___ THE INPUT ___

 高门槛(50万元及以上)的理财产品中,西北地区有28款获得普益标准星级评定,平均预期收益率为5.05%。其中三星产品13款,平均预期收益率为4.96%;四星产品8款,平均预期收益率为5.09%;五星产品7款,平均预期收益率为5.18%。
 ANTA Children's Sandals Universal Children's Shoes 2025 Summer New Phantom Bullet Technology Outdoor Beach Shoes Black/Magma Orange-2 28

___
___ THE INPUT ___

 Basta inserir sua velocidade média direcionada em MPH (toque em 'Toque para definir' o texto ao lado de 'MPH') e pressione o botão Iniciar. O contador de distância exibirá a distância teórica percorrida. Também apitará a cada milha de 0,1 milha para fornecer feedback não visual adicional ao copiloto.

___
___ THE INPUT ___

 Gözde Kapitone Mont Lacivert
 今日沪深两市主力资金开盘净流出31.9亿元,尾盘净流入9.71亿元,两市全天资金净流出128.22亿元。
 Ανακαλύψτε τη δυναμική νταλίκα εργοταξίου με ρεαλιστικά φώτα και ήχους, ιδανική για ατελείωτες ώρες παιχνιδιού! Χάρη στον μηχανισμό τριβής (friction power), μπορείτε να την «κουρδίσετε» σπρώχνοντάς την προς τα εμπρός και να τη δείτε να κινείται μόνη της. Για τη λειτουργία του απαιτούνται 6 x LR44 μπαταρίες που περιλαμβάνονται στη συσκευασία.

___

▶ _REQUIRED WORK_
Reproduce the lines above, beginning at the line with "今日沪深两市主力资金开盘净流" and stopping after the line with "Ανακαλύψτε τη δυναμική", exactly as they are.

▶ _OUTPUT FOR THIS EXERCISE_
 今日沪深两市主力资金开盘净流出31.9亿元,尾盘净流入9.71亿元,两市全天资金净流出128.22亿元。
 Ανακαλύψτε τη δυναμική νταλίκα εργοταξίου με ρεαλιστικά φώτα και ήχους, ιδανική για ατελείωτες ώρες παιχνιδιού! Χάρη στον μηχανισμό τριβής (friction power), μπορείτε να την «κουρδίσετε» σπρώχνοντάς την προς τα εμπρός και να τη δείτε να κινείται μόνη της. Για τη λειτουργία του απαιτούνται 6 x LR44 μπαταρίες που περιλαμβάνονται στη συσκευασία.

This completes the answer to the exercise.